Par la vérité de Dieu, j’ai été inhumain. Je n’ai pas écouté mon ami, j’ai écouté mon ennemi. Alors, quand j’attrape l’ennemi d’en face, quand je lis dans ses yeux bleus les hurlements que sa bouche ne peut pas lancer au ciel de la guerre, quand son ventre ouvert n’est plus qu’une bouillie de chair crue, je rattrape le temps perdu, j’achève l’ennemi. Dès sa seconde supplication des yeux, je lui tranche la gorge comme aux moutons de sacrifice. Ce que je n’ai pas fait pour Mademba Diop, je le fais pour mon ennemi aux yeux bleus. Par humanité retrouvée.
Et puis je lui prends son fusil après lui avoir coupé la main droite au coupe-coupe. C’est long et très, très difficile. Quand je rentre chez nous en rampant, passant sous les barbelés, les piques de bois hérissant la boue gluante, quand je retourne à notre tranchée ouverte comme une femme à la face du ciel, je suis couvert du sang de l’ennemi d’en face. Je suis comme une statue de boue et de sang mêlés et je pue tellement que même les rats me fuient.

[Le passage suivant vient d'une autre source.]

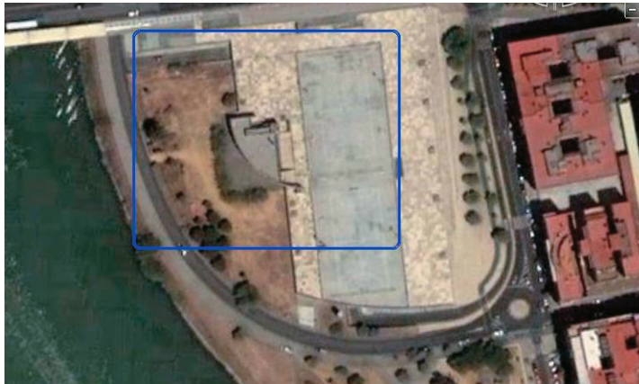
Figura 13. Vista aérea del conjunto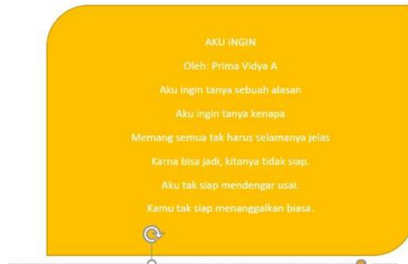
Gambar 2: Contoh teks puisi 2

Teks puisi pertama ini menunjukkan kecemasan akan pandemic Covid-19 yang melanda dunia. Penulis ingin Corona menghilang dari muka bumi untuk bertemu dan berkumpul bersama teman-teman dan keluarganya tanpa ada batasan. Dia bisa menikmati pemandangan kota yang ramai. Banyak orang yang berjualan, membeli makanan, bahkan sekedar berfoto bersama orang tersayang. Penulis berharap Corona segera pergi.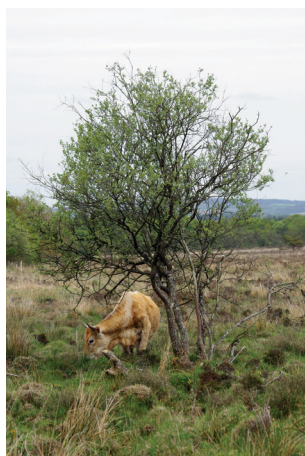
Une vache nantaise en tourbière

Soucieux de mieux connaître et protéger les tourbières dans la région, le Conservatoire d'espaces naturels (CEN) des Pays de la Loire et ses partenaires se sont mobilisés pour élaborer un Programme régional d'actions en faveur des tourbières : le PRAT. Ce dernier se donne pour objectifs de mettre à jour les connaissances sur les tourbières, de rassembler collectivités et autres acteurs de l'environnement et d' impulser des dynamiques locales pour sauvegarder ces milieux .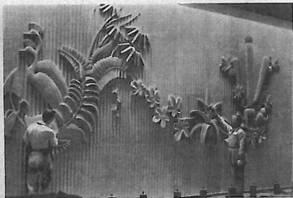
Herover: I Forhallen er Væggene udsmykkede med skønne Ornamenter i Sandsten.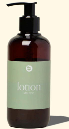
Lotion Melisse 250ml

Walde Körperlotions pflegen Ihre Haut mit wertvollen pflanzlichen Ölen und Extrakten, unterstützen den Feuchtigkeitshaushalt und sorgen so für ein angenehmes Hautgefühl.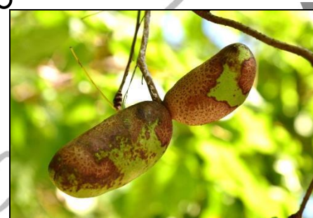
ミツバアケビの若い実 (アケビ科) 大分熟してきました。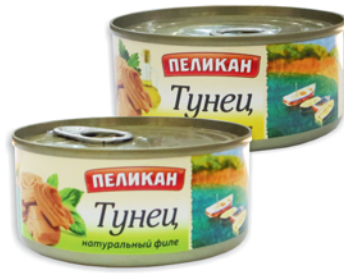
*ТУНЕЦ "ПЕЛИКАН" филе, натур.; в масле, Селеста, ж/б, 140г 53 90 руб. 66 90 руб.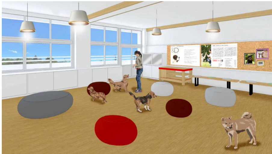
2F ドッグルームイメージ図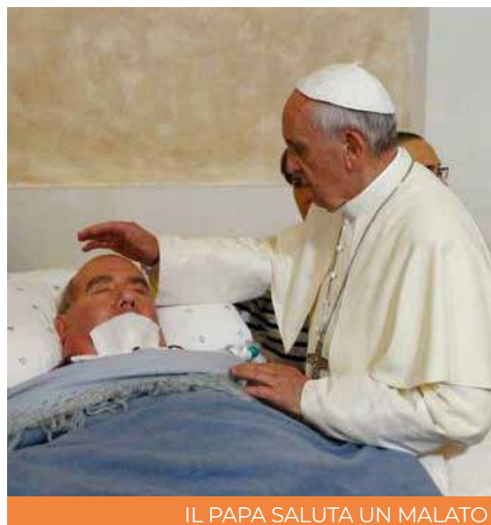
IL PAPA SALUTA UN MALATO

Mon odeur est celle de la mort. La mort a l’odeur du dedans du corps projeté hors du vase sacré. À l’air libre, le dedans du corps de tout être humain ou animal se corrompt. De l’homme le plus riche au plus pauvre, de la femme la plus belle à la plus laide, de l’animal le plus sage au plus sot, du plus puissant au plus faible. La mort, c’est l’odeur décomposée du dedans du corps, et même les rats prennent peur quand ils me sentent arriver rampant sous les barbelés. Ils redoutent de voir la mort bouger, s’avancer vers eux, alors ils me fuient. Ils me fuient aussi chez nous dans la tranchée, même quand je lave mon corps et mes habits, même quand je crois me purifier.